What is Approval Sequence?
Definition
An Approval Sequence is the ordered progression of approval steps that a transaction, request, or document must follow before it is finalized. Each step in the sequence represents a specific authority level, ensuring that financial decisions are reviewed in a controlled and logical order. Approval sequences are widely applied in processes such as invoice approval workflow, procurement, and financial reporting to maintain governance and accuracy.
How Approval Sequence Works
An Approval Sequence ensures that approvals occur in a strict order, where each step must be completed before the next begins. This sequential structure prevents bypassing of controls and ensures proper validation at every stage.
Step-by-step routing: Requests move through a defined multi-level approval workflow
Role-based validation: Each stage is assigned to a specific authority or team
Conditional progression: Advancement depends on approval completion and rule checks
Controlled execution: Final actions such as payments or postings occur only after full approval
Audit visibility: Each step supports transparency in reconciliation controls
Core Components of Approval Sequence
A robust approval sequence is built on structured components that define how decisions are evaluated and approved across financial workflows.

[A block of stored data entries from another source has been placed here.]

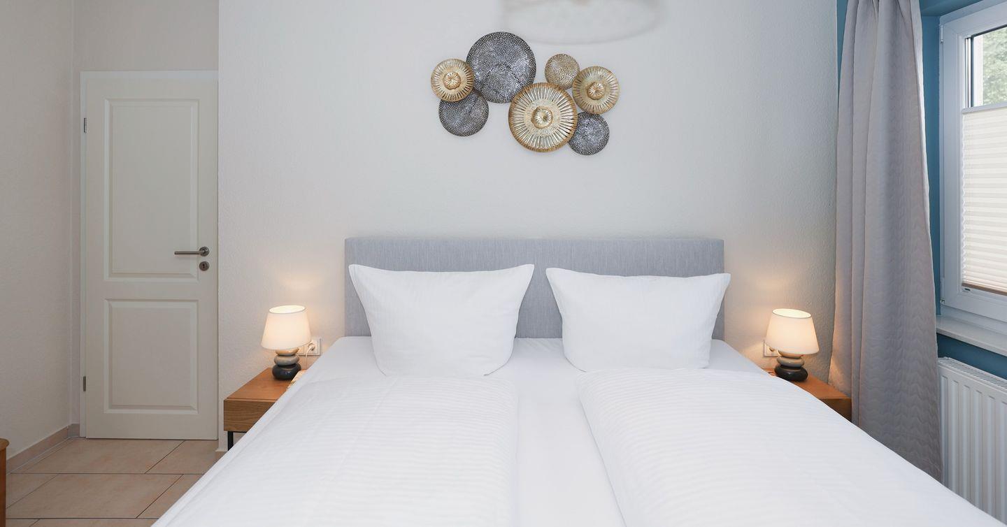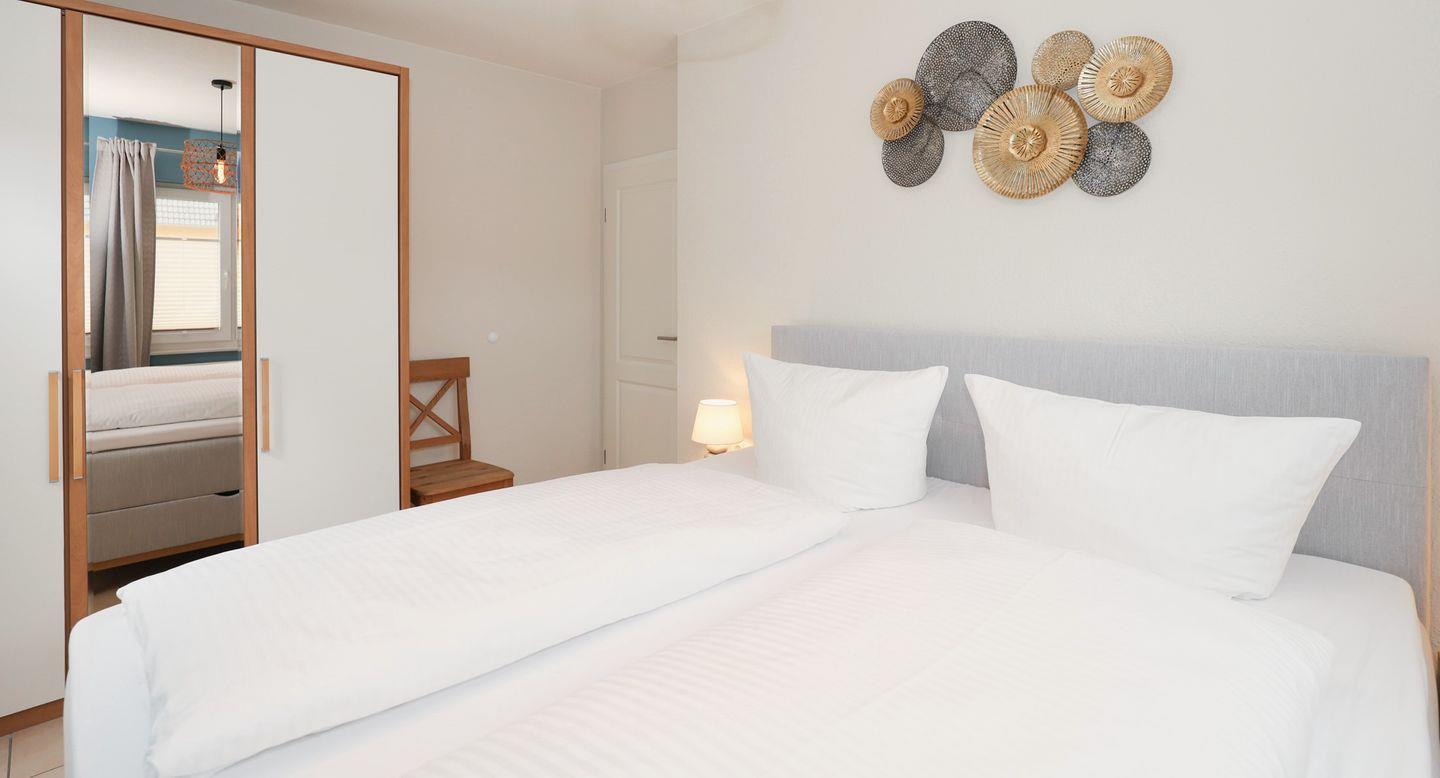 Das freundliche 1. Schlafzimmer ist mit einem bequemen Doppelbett, Nachttischen sowie einem geräumigen Kleiderschrank eingerichtet. Das separate 2. Schlafzimmer verfügt über 2 getrennte Boxspring-Einzelbetten, einen Nachttisch sowie einen geräumigen Kleiderschrank. Bettwäsche und Handtücher können hinzugebucht werden.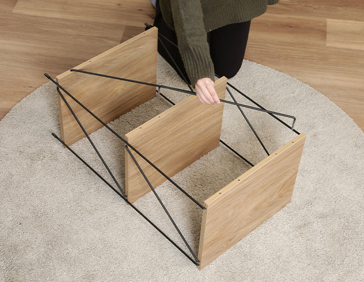 棚板の穴にワイヤーフレームを差し込むだけで完成するワイヤーロックシステムを採用。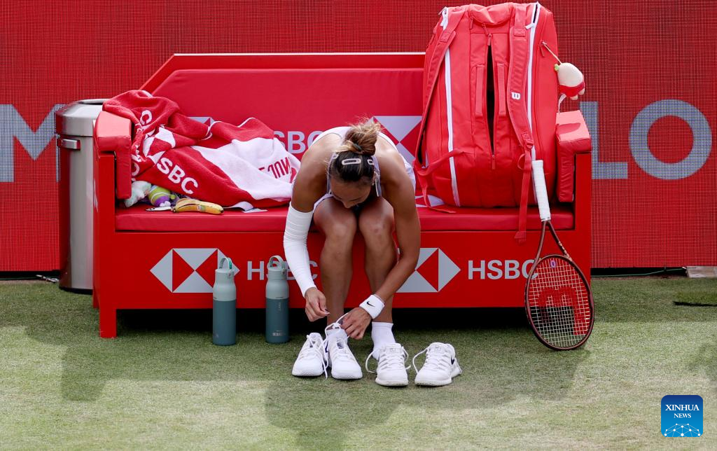 Zheng Qinwen changes shoes during the women's quarterfinal match between Zheng Qinwen of China and Emma Raducanu of Britain at the Queen's Club Championships in London, Britain, June 13, 2025. (Xinhua/Li Ying)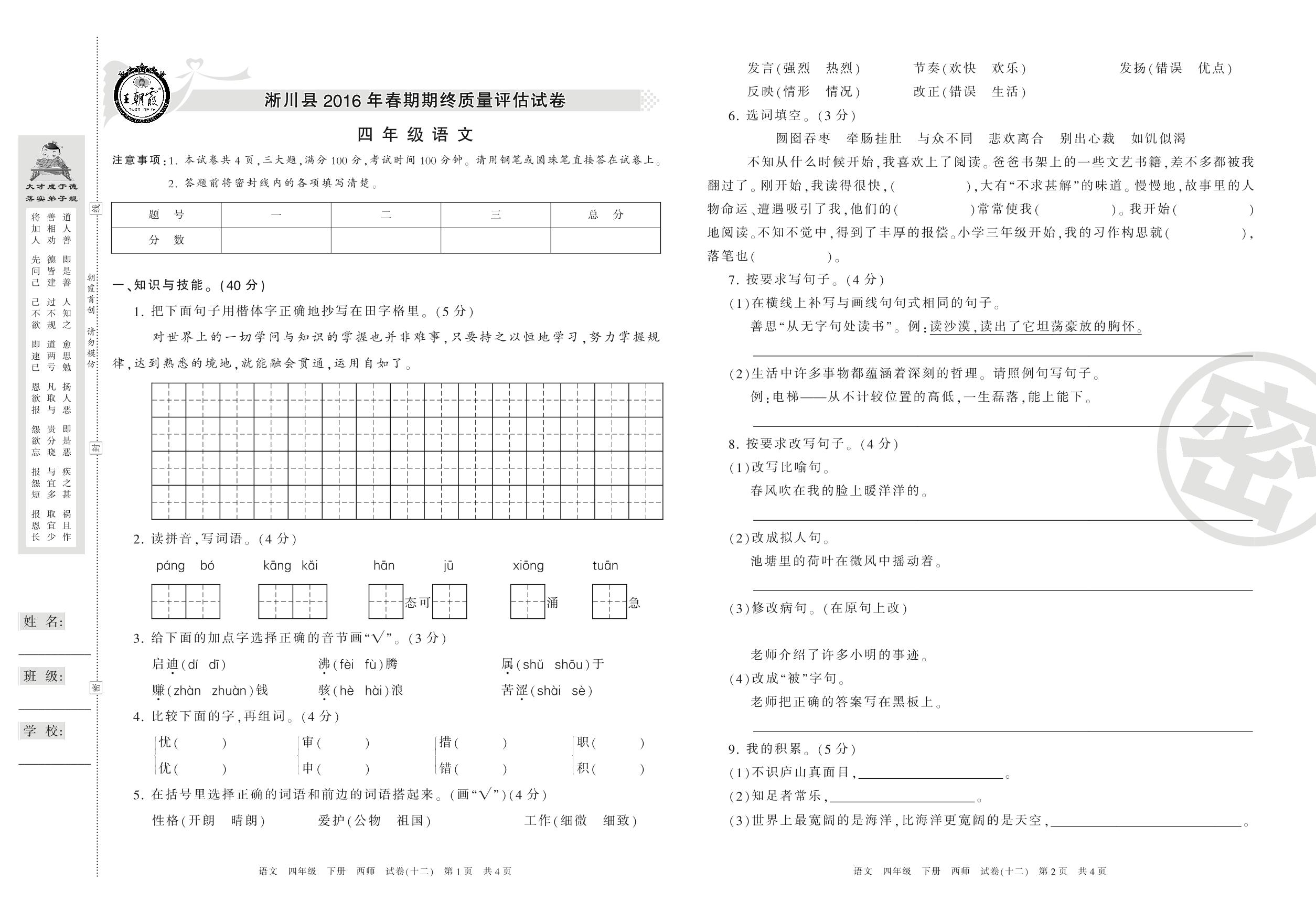 2015-2016学年第二学期南阳市淅川县四年级语文试卷(西师版)【12】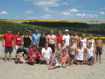 Teilnehmer und Veranstalter des 5. Beach-Volleyball-Hobbyturniers im Lichtenberger Schwimmbad, für das wiederum die SPD Ortsvereine aus Fischbachtal und Groß-Bieberau die Schirmherrschaft übernommen hatten. Links im Bild die SPD- Vorsitzenden Axel Goldbach (Groß-Bieberau) und Petra Messerschmidt (Fischbachtal).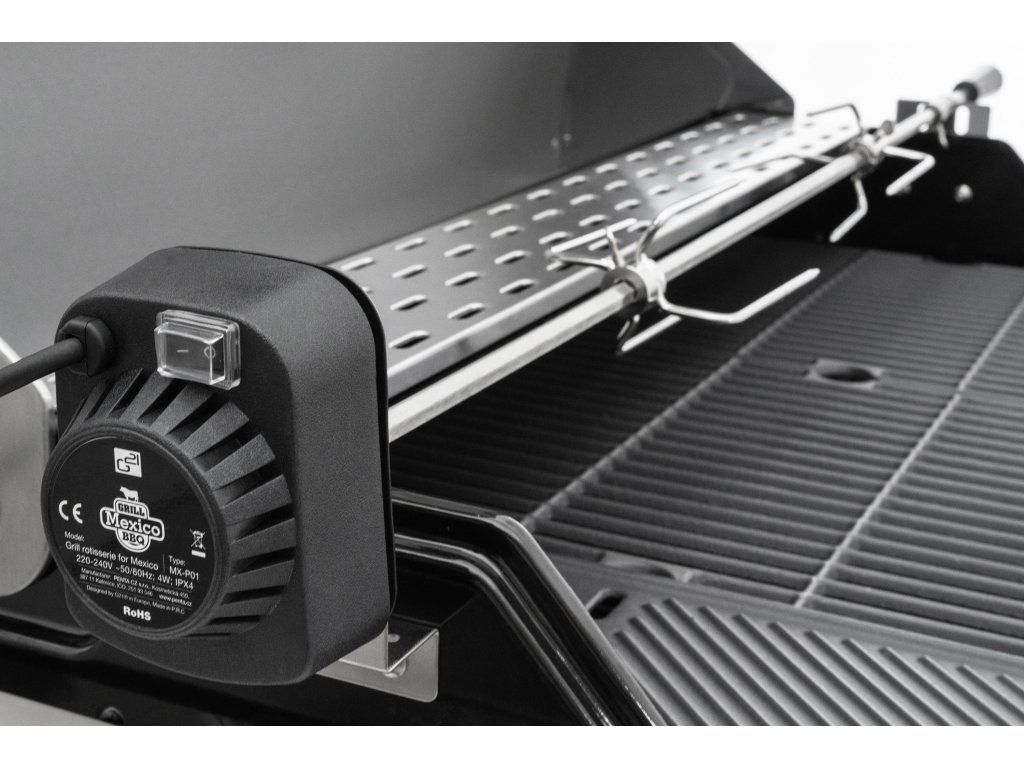 - součástí grilu je i teploměr ve víku a grilovací jehla s motorkem

Sequential hierarchy: Clearly defined order of approvers
Approval criteria: Conditions based on value, category, or risk
Threshold mapping: Alignment with a procurement approval matrix
System integration: Coordination with payment approval automation and related systems
Control checkpoints: Built-in validation points for compliance and accuracy
Types of Approval Sequences
Organizations tailor approval sequences based on transaction complexity and governance requirements.
Fixed sequence: A predefined order that remains constant across transactions
Dynamic sequence: Adjusts based on transaction attributes such as value or department
Conditional sequence: Changes based on rules like exceptions or risk indicators
Role-driven sequence: Determined by positions such as managers, finance heads, or controllers
Hybrid sequence: Combines fixed and dynamic elements for flexibility
Practical Use Cases
Approval Sequences are essential in ensuring structured validation across various financial operations.
Accounts payable: Sequential validation within invoice processing before payment release
Expense management: Stepwise approvals in expense approval workflow
Procurement: Ensuring purchase requests pass through contract approval workflow
Inventory control: Managing approvals in inventory approval workflow
Financial reporting: Validating entries through journal approval workflow
Business Impact and Outcomes
Approval Sequences enhance financial discipline by enforcing structured validation before decisions are executed. This leads to improved reliability and consistency in financial operations.
Key outcomes include:
Improved accuracy in financial approvals and reduced errors
Greater transparency across approval stages
Alignment with cash flow forecasting and spending control strategies
Enhanced oversight in vendor management and procurement activities
Strengthened compliance with internal and external financial policies
Best Practices for Designing Approval Sequences
An effective approval sequence balances control with efficiency while ensuring adaptability to evolving business needs.
Define clear order of approvals: Avoid ambiguity in sequencing
Align thresholds with authority: Use structures like credit approval authority
Enable dynamic adjustments: Adapt sequences based on transaction complexity
Ensure integration: Connect with systems handling payment approval automation
Continuously review: Optimize sequences based on operational performance
Summary
An Approval Sequence ensures that financial and operational decisions follow a defined order of validation before execution. By enforcing structured, step-by-step approvals, organizations enhance control, transparency, and compliance. It plays a critical role in improving financial accuracy, supporting governance, and aligning decisions with overall business performance.